Way too many images. -- 1358(Talk) 19:40, April 16, 2010 (UTC)
Cut it down to one image. (Cried a little in my heart, because they're all just so pretty.) —fodigg(talk) | 19:46, April 16, 2010 (UTC)
Missing vital info in the bio, like species and sex. Sentient species, like Nautolan, are always capitalized. I will possibly give the article a full review. -- 1358(Talk) 08:10, April 17, 2010 (UTC)
Information in intro expanded. Made sure that "Padawan" and "Nautolan" were always capitalized. Thanks for the review! —fodigg(talk) | 03:59, April 18, 2010 (UTC)
Bio has still no info about this. -- 1358(Talk) 05:00, April 18, 2010 (UTC)
Doh! My apologies. I checked the intro and didn't look at the bio! I have added it to the bio. Thanks again! —fodigg(talk) | 22:12, April 18, 2010 (UTC)
Date and place of death are missing in the infobox. Possible a full review later.Clone Commander LeeTalk 14:05, April 17, 2010 (UTC)
Added place/year (circa) of death according to source. Thanks for the review! —fodigg(talk) | 03:59, April 18, 2010 (UTC)
If he was possessed by Sadow's spirit, the Sith Empire (or at the very least, the Sith in general) should be listed as his affiliation. Also, I believe he warrants a Sith infobox for the same reason.QuiGonJinn(Talk) 18:03, April 17, 2010 (UTC)
There's currently a discussion about this on the article's talk page. -- 1358(Talk) 18:06, April 17, 2010 (UTC)
I have no preference, and will change it to whatever is decided on the talk page. (and thanks for the review!) —fodigg(talk) | 03:59, April 18, 2010 (UTC)

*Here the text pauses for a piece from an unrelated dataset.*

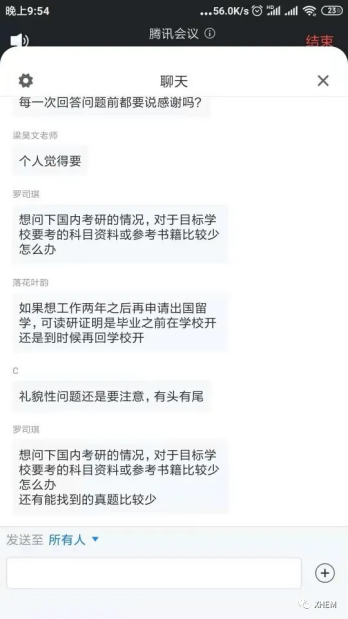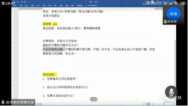 随后,陈伟奇老师和梁昊文老师从备考资料收集、笔试内容、面试常见问题以及面试过程中的注意事项等方面分享了自己考取国内研究生的经验,指出在复试过程中要通过各种渠道如学校官网、百度贴吧、师兄师姐等获得相关学校的面试信息,最重要的是调整好心态认真备考,阅读报考导师的相关文章以及书籍等。
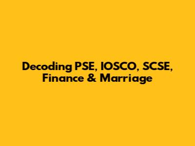 Decoding PSE, IOSCO, SCSE, Finance & Marriage

Only one from me: Ovair's true allegiance to the Empire was not revealed until years later, when Jedi historian Gnost-Dural researched the events of Gynt's death. and Over a century later, Jedi historian Gnost-Dural questioned why the spirit of Sadow would have sought vengeance against Ovair specifically, and made the connection between Ovair and the Sith. He realized that Ovair and his Jedi ancestors were in fact spies working on behalf of the Sith Emperor. These sentences seem to be more about Ovair than Gynt. It would be good to link Dural's research to Gynt in some way.SoresuMakashi(Everything I tell you is the truth) 10:16, April 21, 2010 (UTC)
Good thought. I have massaged the text a bit: Ovair's Imperial allegiance and complicity in manipulating Gynt to his death were not revealed until years later, when Jedi historianGnost-Dural researched the events of Gynt's death. and Over a century later, Jedi historianGnost-Dural researched the events surrounding Gynt's death. He questioned why the spirit of Sadow, having taken possession of Gynt, would have sought vengeance against Ovair specifically. Gnost-Dural concluded that Ovair and his Jedi ancestors were in fact spies working on behalf of the Sith Emperor; that Ovair had manipulated Gynt to draw out Sadow's spirit. The Emperor had viewed the old Sith Lords as potential threats. Sadow's defeat, and Gynt's death, eliminated one of those threats and made the invasion of the Republic easier during the Great Galactic War.. Hopefully these changes suffice without sounding contrived or changing the meaning of events. —fodigg(talk) | 01:19, April 22, 2010 (UTC)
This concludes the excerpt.